Dear JC,
Thank you for your valuable perspective which comes from long medical practice
and experience in India and a country other than India. My feeling and near
conviction is that Psychiatric practice in most settings is not sustainable
over a long period of time for the Psychiatrist as the Psychiatrist looks upon
himself/herself as a "SELF-CONTAINED " professional. This leads to loading from
the counter-transference from patients, till some of them reach the tip-over
point and break. Studies have reported that the healing outcome is directly
related to the personal effectiveness of the mental health professional in
his/her own personal life. A Jesuit counsellor has reported that Patients
receiving therapy from therapists(following same system of Psychiatry) have
different outcomes. Helpful outcomes for patients are shown to have a
co-relation to the "effectiveness" of the therapist in his/her personal life.
He therefore says that " an effective
counsellor is one who personalises his own personal deficiency, converts this
deficiency into a goal and takes steps to reach the goal." Furthermore " the
effective counsellor constantly recycles his goals and keeps alive the process
of learning"
When psychiatrists arrogate to themself, whether knowingly or unknowingly, a
power to always help patients, then the first step to destruction is mounted.
Albeit in another branch of Science like thermodymamics it is a truism "THAT A
SELF- CONTAINED SYSTEM ALWAYS COLLAPSES" a similar belief is yet to take firmly
root in Psychiatry. This is where the acceptance of SPIRITUALITY in Psychiatry
by the Harvard Medical School is relevant. Quite similarly belief in an
interacting ,inter-dependent, Cosmos, and a belief in Divine Justice and
Mercy , as well as an Afterlife is the spirituality required to dissipate the
inherent stress of the psychiatric profession. Resort to an Annual confession,
preferably to a Catholic Priest, irrespective of conviction, (because a
Catholic Priest is bound by an oath of secrecy ,quite unlike a psychiatrist
who may report the condition as a " case" after covering identfying details)

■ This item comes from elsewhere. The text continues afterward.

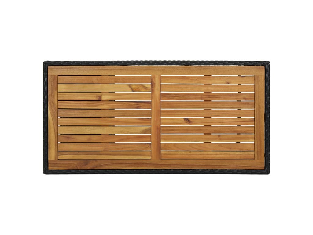 - Materiál: polyratan, práškově lakovaná ocel, akáciové dřevo s olejovaným povrchem, textil (100% polyester)
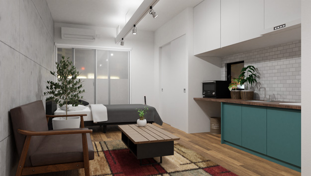 botaniqを有効化すると、プロパティ(「N」で表示)にpolygoniqが追加され、Spawn Assetから植物を追加できるようになります。「CGWORLDのチュートリアルで部屋モデリング(1)」で制作したリビングにbotaniqの植物を置きました。

could be a useful adjunct, till society
under law legalises and sets up INDIVIDUALS who are authorised to hear
Psychiatrists , and not report the details under pain of life imprisonmrnt,even
if it involves a conflict, whether immediate,expedient or long-term, between
the common good and individuals.The need to be heard and forgiven, and the
process of being heard and forgiven leads to catharsis and wholeness. It
releases the human potential for continued growth.
Warm regards,
Gerry.
P.S. I forgot to assert that the difference between a Psychiatrist and a
Catholic Priest (in the Sacrament of Reconciliation) is that of DEGREE and not
of TYPE. Both discharge similar functions in a world where the human faculty to
listen non-judgementally with unconditional positive regard having its roots in
respect for the human person is fast disappearing.